Sounds like a great deal , whatcha waiting on ?


----------



## Latinrascalrg1

I agree, so long as you are able and willing to get it cleaned up and adjusted properly Im thinking  you will be very happy with the purchase....if you're not gonna buy it  im sure someone on here would be interested in they are close enough!


----------



## Ulma Doctor

if you are looking to doing similar in nature to projects as the previous owner did, you'll be happy to have the HF machine
ar lowers are aluminum and easier to machine than blocks of steel
but if light cuts are taken, workable solutions can be made.
the tolerances and quality control were loose on a large number of mainland china machines
but on the positive side, you know it works, and has only had one owner= is a good deal


----------



## pstemari

Yeah, if someone has been successfully machining AR lowers, that's a decent sign the machine is reasonable tight. I imagine you'll need to lock the quill when milling, 

Sent from my Pixel XL using Tapatalk


----------



## Latinrascalrg1

pstemari said:


> Yeah, if someone has been successfully machining AR lowers, that's a decent sign the machine is reasonable tight. I imagine you'll need to lock the quill when milling,
> 
> Sent from my Pixel XL using Tapatalk


I wouldnt use that as my "Benchmark" to claim anything good about any machine only simply because finishing an ar80% is not huge challange! It can be done quite easily and many times if care is taken, very nicely as well, with little more then a hand drill or router along with a few other basic tools. Plus we do not know the skill level or if there was any "abuse" due to lack of knowledge on their part.


----------



## Aaron_W

If you are looking for an 8520 sized machine, those HF mills are essentially copies of the 8520, with a few improvements. R8 instead of MT2, a 1 1/2hp motor vs the Clausings 3/4hp and a slightly larger table / travel. Those are the good points, it is probably safe to assume the HF's fit and finish is lacking even compared to a well used Clausing.

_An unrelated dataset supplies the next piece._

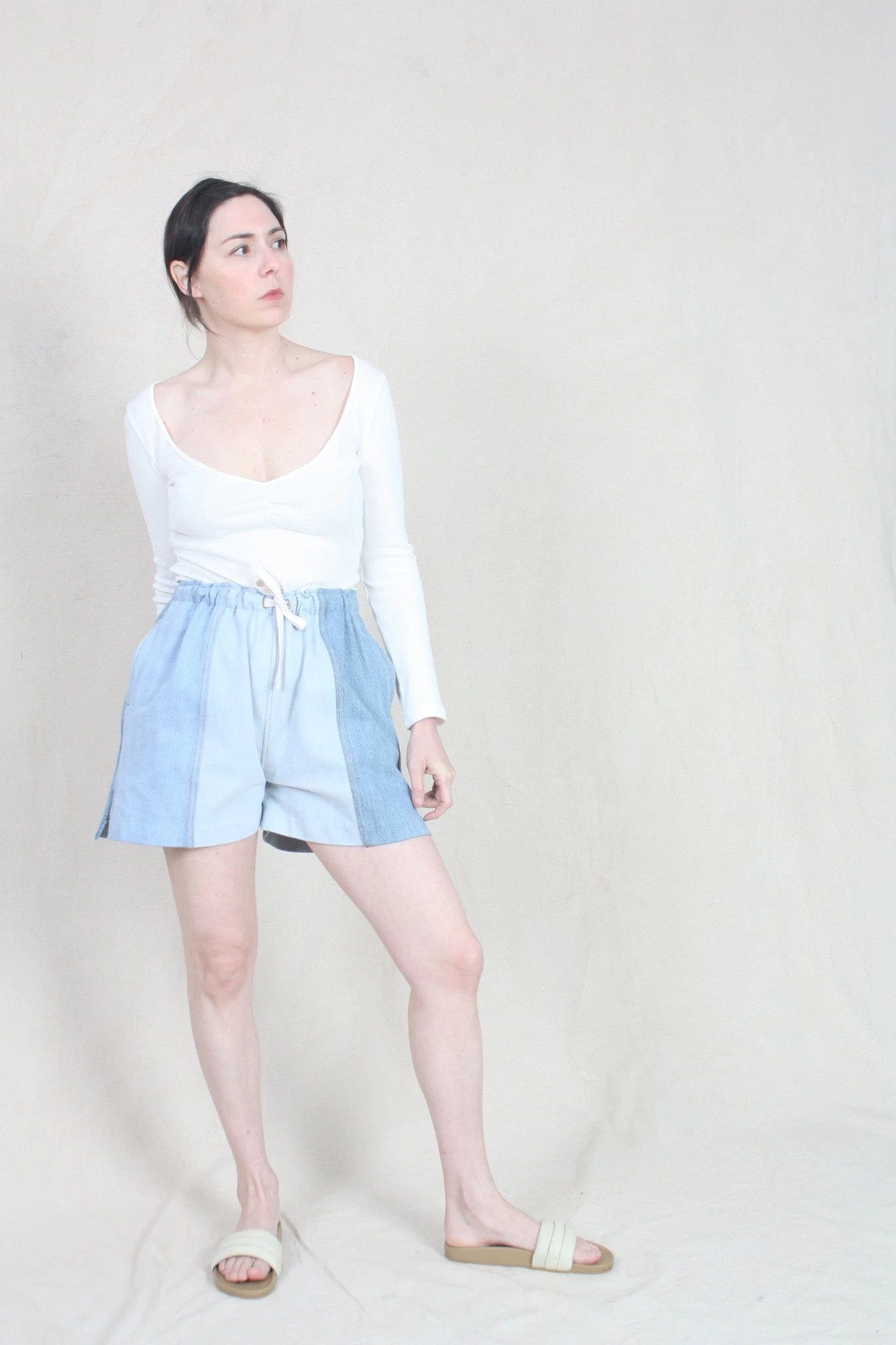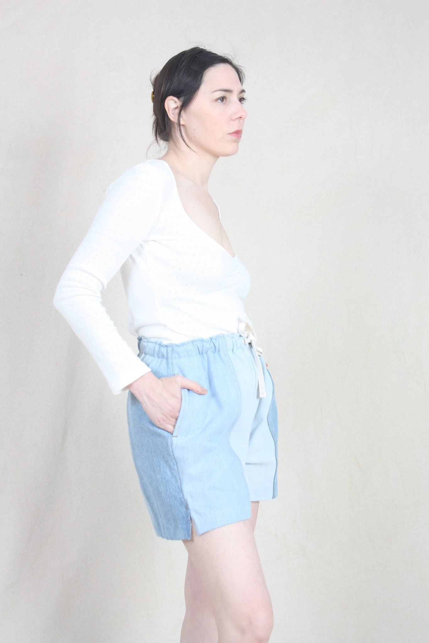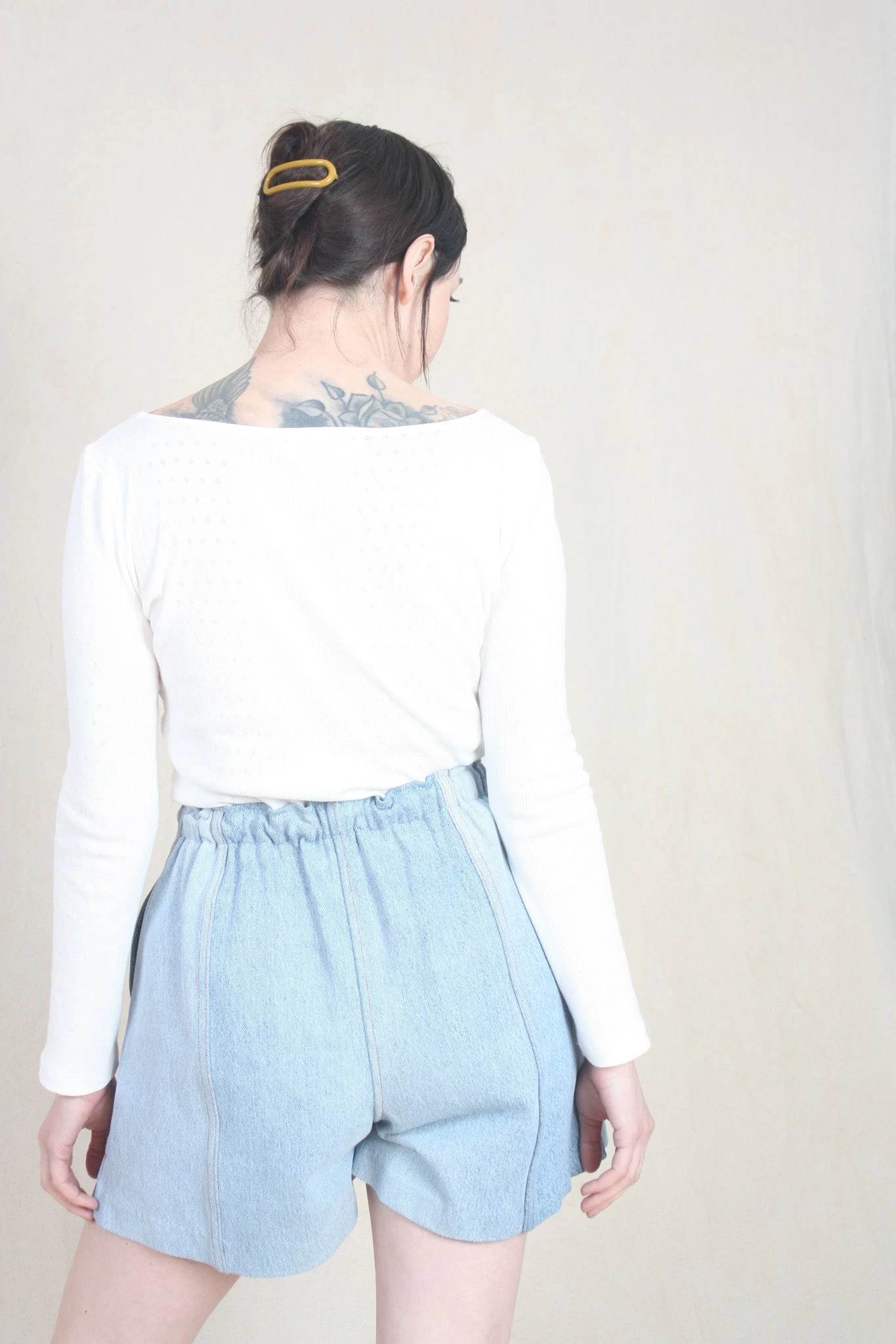 A delightful long sleeve scoop neck shirt made from an extremely soft deadstock cotton pointelle.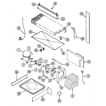 Plastic defrost pan. Evaporator pan hangs from side rails and rests on compressor.

$1000 isn't a bad price so long as nothing is wrong with it. New the bare machine, no vise or tooling is $2000 + delivery fees and taxes. For $1000 you are basically comparing to bench mills and mill-drills. This gives you a decent mill and if you later find a Clausing or the similar sized Rockwell you can almost certainly turn around and make your money back selling it to someone else. It also lets you know if a mill that size will make you happy, if yes keep looking, if no, you know you need to start looking for something larger. Personally if I had found that deal before the mill I have now, I would have jumped on it.   

I have a Clausing 8520, and got it into my basement by myself using only an engine hoist and a garden trailer. I broke it down into 5 main parts, the head, motor, column, table and base. You should be able to do the same with that one, but the HF doesn't have the base, so one less thing. You will want to mount it on something to bring it up to a comfortable working height. Moving the column was the hardest since it is cast iron and weighs about 250lbs. I didn't have to worry about stairs so that is where the garden cart came in. The HF doesn't have a base, so you will need to find something to mount it on to bring it to a comfortable height.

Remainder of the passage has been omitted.